Objective: To evaluate the accuracy of force plate gait analysis at the walk and trot in dogs with low-grade hindlimb lameness. Material and methods: Nineteen healthy dogs and 41 dogs with low-grade unilateral hindlimb lameness due to stifle or hip joint problems were walked and trotted over a force plate. Peak vertical forces (PVF) were recorded, and a symmetry index (SI) was calculated from the PVF of the hindlimbs. ‘Cut-off’ values were determined from the SI of the normal dogs. These cut-off values were used to discriminate lame dogs from normal ones. Sensitivity and specificity were evaluated for measurements at walk and trot, and the Cohen’s Kappa coefficient (k) was used to determine the agreement between clinical lameness and force plate measurements, and between force plate results at walk and trot. Receiver Operating Characteristics (ROC) curve were plotted for both gaits to evaluate accuracy. Results: The sensitivity of the measurements at walk was 0.63, and specifity was 0.95. The sensitivity of the measurements at trot was 0.90, and specificity was 1.0. Moderate agreement was found between force plate measurements at walk and trot, and between clinical gait assessment and force plate measurements at walk.

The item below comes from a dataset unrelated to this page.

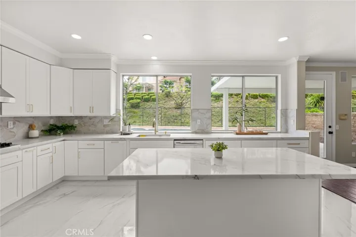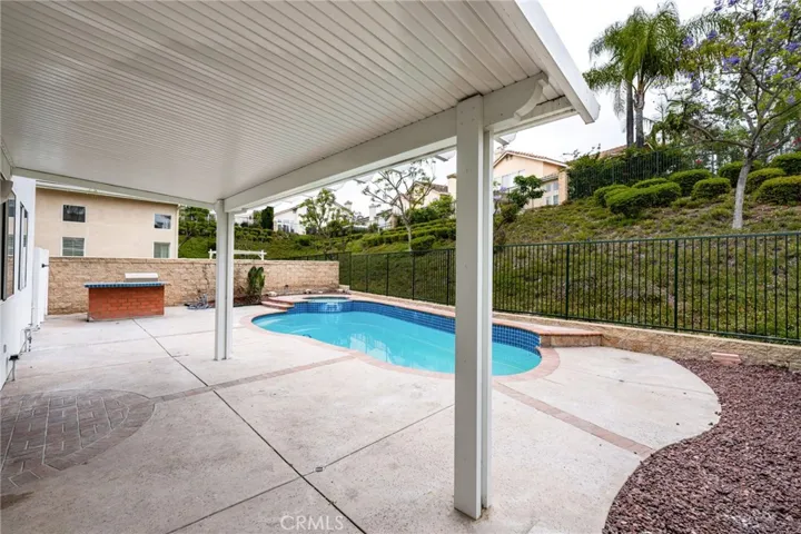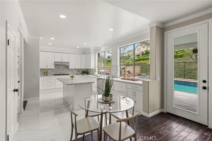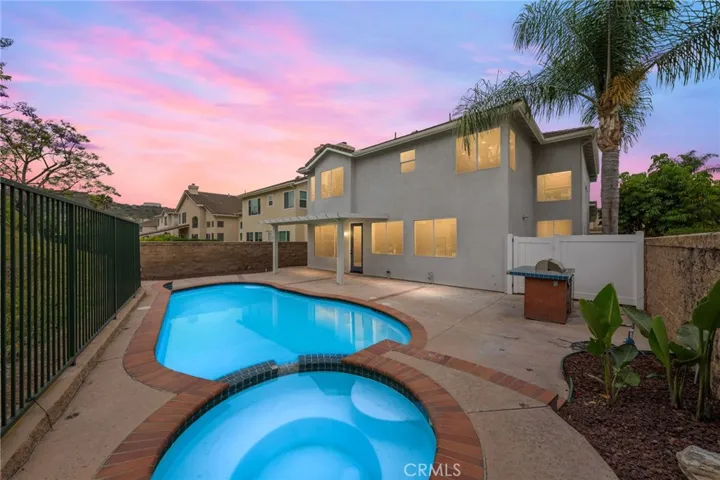 BACK ON MARKET!! NEWLY REFINISHED FLOORS. This two-story home is located in the highly desired Hillsborough Collection. Nestled in a tranquil cul-de-sac within a secure gated community, this two-story gem is family living at its best. Step inside to find soaring ceilings and a dazzling chandelier that compliments the formal living room and formal dining room. Beautiful Hickory wood floors have been refinished and give the home a light and natural feel. The completely remodeled kitchen is an entertainers dream with large island, plenty of chic quartz countertop space, brand new soft-close cabinetry, all complimented with gold accents. Downstairs also features a bedroom with closet and a full bathroom with a shower. The beautiful spiral staircase is the center piece of the home (which has also been refinished), leading up to the Primary and 3 additional rooms. The large Primary suite is a retreat with warm wall tones and 2 amazing sized closets, one with shelves and the other a large walk-in. The Primary bath features a relaxing tub and a shower. The 3 additional rooms feature new carpet and are all very spacious. Entire interior has been painted with colors that complement the accents throughout the home. The backyard is perfect for hosting a pool party with a sparkling pool and BBQ setup. High-rated schools are just around the corner, making mornings a breeze. With five bedrooms—including one downstairs—everyone gets their own space. Plus, a three-car garage wraps up this perfect package. (All new electrical outlets, recessed lighting, faucets, doors, baseboards, switches, front sprinkler system, front grass, garbage disposal, sink, downstairs vanity, mirrors)

Good agreement was found between clinical gait assessment and measurements at trot. ROC analyses revealed the trot (94.7% [91.7%; 97.7%]) to be the more accurate test than the walk (85.0% [80.1%; 89.9%]). Conclusion: The trotting gait was more sensitive and accurate than the walking gait for the differentiation of dogs with a lowgrade hindlimb lameness from normal ones using force plate gait analysis.